Is Voice Cloning the call of the hour?

Guest Column: Niraj Ruparel, Head of Mobile & Emerging Tech, GroupM India; Head of Voice, WPP India shares how voice synthesis (cloning) technology can boost customer engagement and do much more

by Niraj Ruparel
Published: Nov 4, 2020 7:50 AM | 5 min read

The voice synthesis (cloning) concept is not new. These products can be offered as on-premise softwares or can be deployed on cloud. Everyone will agree to the statement that customers drive the business. Be it any business, customers play an important role in making the business boat sail or sink. Hence every business pays a lot of attention to customer service that requires hours of time in emailing them, solving their queries and explaining them know-hows of processes through long documents with supporting screenshots. Interactive synthesized (cloned) audios can be more helpful instead of spending long hours attending the customers.

Interactive virtual assistants are widely accepted to take businesses on another level. These assistants have opened doors for businesses ranging from education, healthcare, eCommerce, entertainment, telecom, travel and hospitality, banking and finance, defence and government, etc.

The Voice Assistants can boost customer engagement with audible product descriptions. They can also enhance customer experience by interacting in personalized voices with them. Voice synthesis may be used with digital avatars to be used in online meetings without having to remain present in meetings. Working in teams can then become much easier with stronger communication even in the absence of face to face communication. The same can be useful for delivering a professional speech.

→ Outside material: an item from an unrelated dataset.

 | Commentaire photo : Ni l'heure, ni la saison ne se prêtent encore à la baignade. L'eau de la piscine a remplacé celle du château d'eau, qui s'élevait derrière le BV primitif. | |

Due to the outbreak of COVID-19 all over the world, online learning has become popular among students and working professionals. The new normal conditions have generated demand for high-quality digital content in the form of recorded sessions, notes or ebooks to make learning easy. Voice synthesis (cloning) can reduce the burden of recording audio notes by the educators for every new session without retaking those in case of any mistakes. This can significantly improve the knowledge imparting process. The teaching and learning can be much better in the presence of recorded lectures by providing interactive content for online learning. It can also be useful for employees grooming and product training for clients by producing interactive content with minimum operational costs.

This is more relevant for people in the healthcare sector especially during these times. Voice plays a crucial role in building a trustworthy relationship between them and their patients. A familiar voice heard by patients can be more comforting for them.

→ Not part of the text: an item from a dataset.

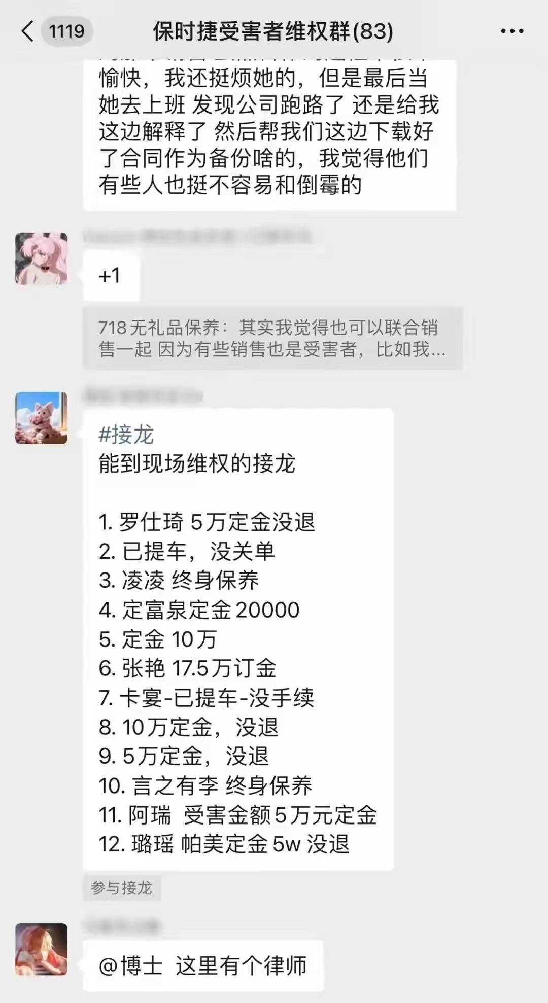 目前,维权的消费者大约有80多人,而且还在增加中,他们建立了一个“保时捷受害者维权群”,从公开的维权信息中发现,有的是后续保养、有的是交了定金未退、还有已经提车但没有关单,大家情况各不相同。

Voice syncing is an AI technique that allows the software to learn and understand the nuances of one's voice by learning through your voice data, ranging from a few seconds to dozens of hours, depending on the quality and use-case desired. This is a potential game changer for conversational AI's and commerce in general. I mean who wouldn't want to buy a product if Mr Bachchan himself asks you to do?

If you are one of the stakeholders of business, this voice synthesis technology is for you irrespective of whether you belong to healthcare, education, banking and finance or any other industry. The operational costs of professionally recorded audios can be reduced up to a huge extent in the wake of profitability for your business.

But this is just a start to what would be a paradigm shift in media in general. In his book, Life 3.0, leading author and physicist Max Tegmark foresees a scenario in not too distant future when computers would be able to produce feature length movies and audio-based content, hyper personalized and locally relevant to everyone living on the planet.

This has awe inspiring applications for Education, Media, Entertainment and Communication in general. Being able to produce content in one's own voice at scale (without any of the equipment) and able to communicate dynamically in a voice of your choice (without them actually speaking) is the closest to science fiction we can get today in the digital domain.

Voice syncing works by learning millions of features of your voice and builds a template of your voice which can be used to produce any content by giving just a text input. The AI automatically takes care of features like language, accent, pitch and even expressions. Once the AI learns your voice, it can produce umpteen hours of audio content in the same aesthetic, saving huge amounts of time and cost.

But like any new technology and innovation, this too is a double-edged sword. It has great implications in the hands of creators but has also dire implications (aptly named Deepfakes) in the hands of hackers and scammers. Getting a call from the CEO of your company asking you to transfer large sums of money (when he himself is somewhere out) is just one of the examples. To counter these kinds of problems, some of the companies have put in place a proper and legal sounding onboarding of any voice to ensure its moral and ethical use. Creators can now sync their voice securely and produce content on scale by harnessing the power of this form of Artificial Intelligence.

This technology is still in its primacy but it definitely invites companies from diverse use-case to start building on this new layer of communication and content production. Apart from the obvious solution of saving enormous time and cost, it has deeper implications in terms of enhancing communication and making it more intimate.